» Data:
==========
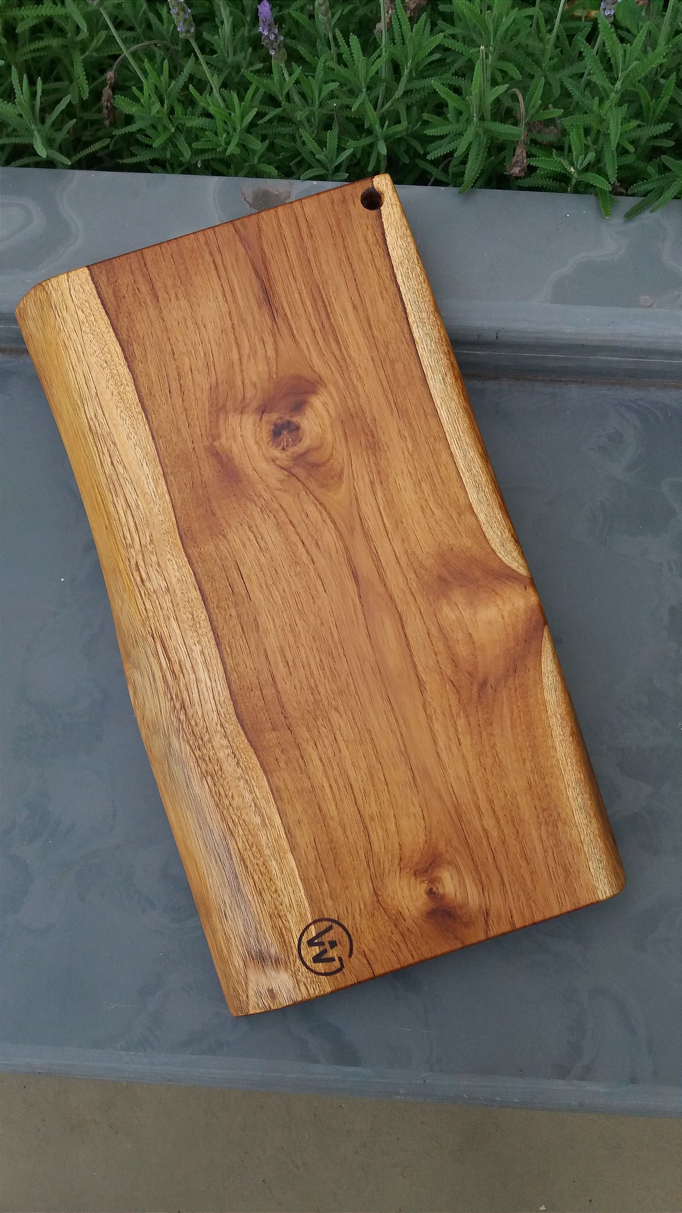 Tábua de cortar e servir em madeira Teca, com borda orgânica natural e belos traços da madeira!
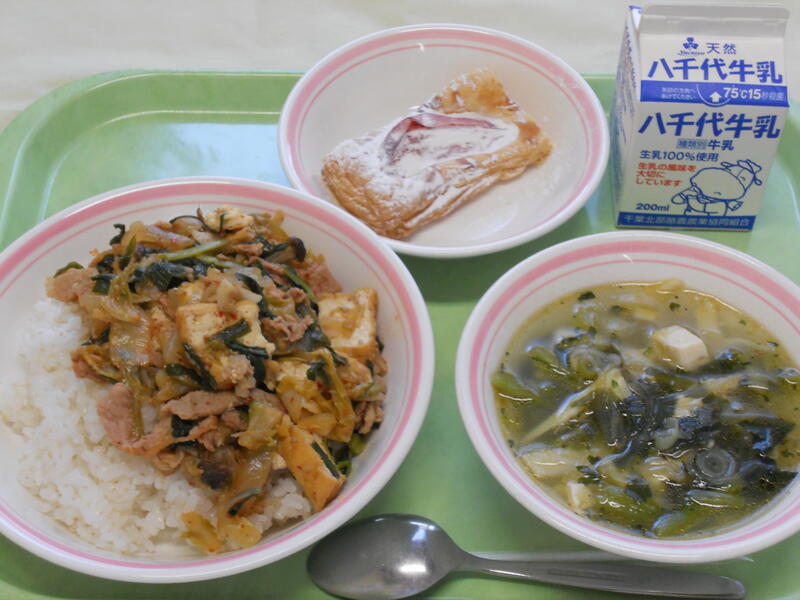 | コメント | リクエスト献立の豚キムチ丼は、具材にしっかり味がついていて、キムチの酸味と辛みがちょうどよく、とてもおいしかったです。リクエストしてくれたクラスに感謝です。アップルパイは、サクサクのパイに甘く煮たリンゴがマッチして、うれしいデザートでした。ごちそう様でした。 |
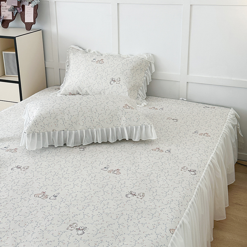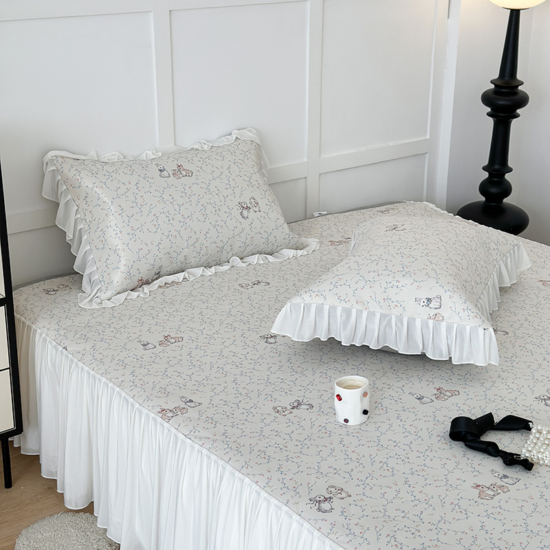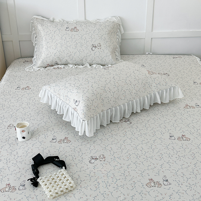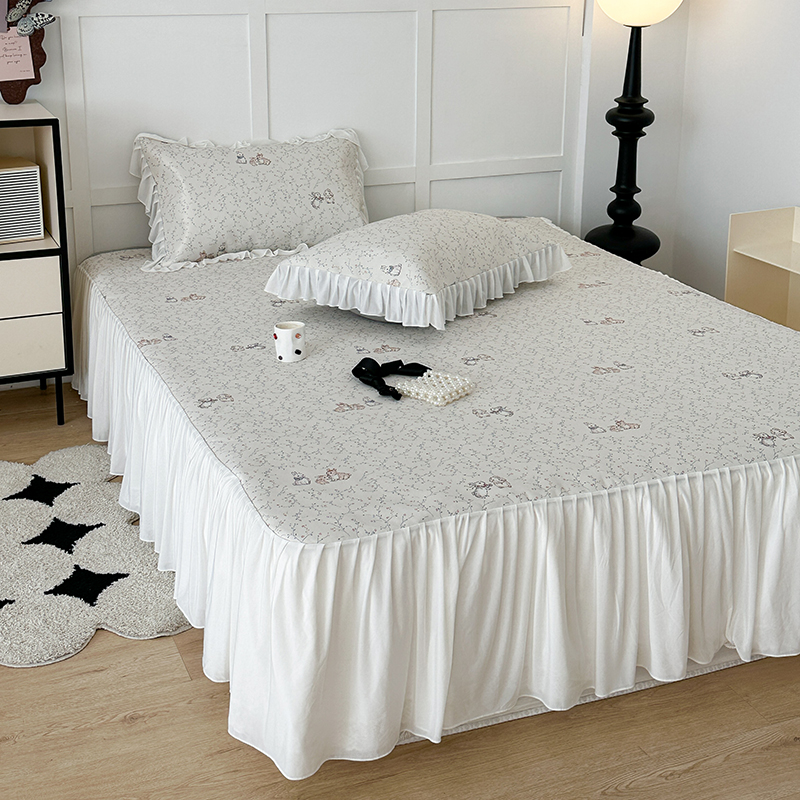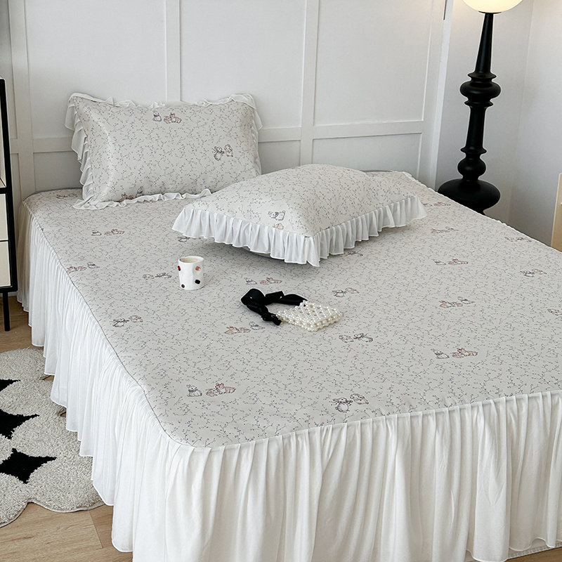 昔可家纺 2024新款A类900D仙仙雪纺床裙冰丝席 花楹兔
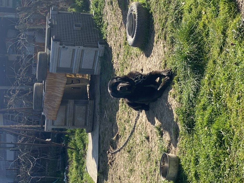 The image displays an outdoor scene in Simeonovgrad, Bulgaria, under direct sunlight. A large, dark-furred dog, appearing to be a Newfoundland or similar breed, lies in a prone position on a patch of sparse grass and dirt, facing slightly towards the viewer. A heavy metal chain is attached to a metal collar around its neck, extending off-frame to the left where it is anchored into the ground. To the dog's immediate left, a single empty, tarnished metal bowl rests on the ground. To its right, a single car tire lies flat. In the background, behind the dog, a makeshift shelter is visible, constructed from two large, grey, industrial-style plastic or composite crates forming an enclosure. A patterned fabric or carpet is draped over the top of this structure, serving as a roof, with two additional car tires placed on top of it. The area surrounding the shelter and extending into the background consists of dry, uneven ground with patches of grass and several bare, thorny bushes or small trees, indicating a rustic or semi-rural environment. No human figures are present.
==========
» To do:
The whole listing above must be set down again exactly, but without its images.

» Exercise response:
 Tábua de cortar e servir em madeira Teca, com borda orgânica natural e belos traços da madeira!
 | コメント | リクエスト献立の豚キムチ丼は、具材にしっかり味がついていて、キムチの酸味と辛みがちょうどよく、とてもおいしかったです。リクエストしてくれたクラスに感謝です。アップルパイは、サクサクのパイに甘く煮たリンゴがマッチして、うれしいデザートでした。ごちそう様でした。 |
 昔可家纺 2024新款A类900D仙仙雪纺床裙冰丝席 花楹兔
 The image displays an outdoor scene in Simeonovgrad, Bulgaria, under direct sunlight. A large, dark-furred dog, appearing to be a Newfoundland or similar breed, lies in a prone position on a patch of sparse grass and dirt, facing slightly towards the viewer. A heavy metal chain is attached to a metal collar around its neck, extending off-frame to the left where it is anchored into the ground. To the dog's immediate left, a single empty, tarnished metal bowl rests on the ground. To its right, a single car tire lies flat. In the background, behind the dog, a makeshift shelter is visible, constructed from two large, grey, industrial-style plastic or composite crates forming an enclosure. A patterned fabric or carpet is draped over the top of this structure, serving as a roof, with two additional car tires placed on top of it. The area surrounding the shelter and extending into the background consists of dry, uneven ground with patches of grass and several bare, thorny bushes or small trees, indicating a rustic or semi-rural environment. No human figures are present.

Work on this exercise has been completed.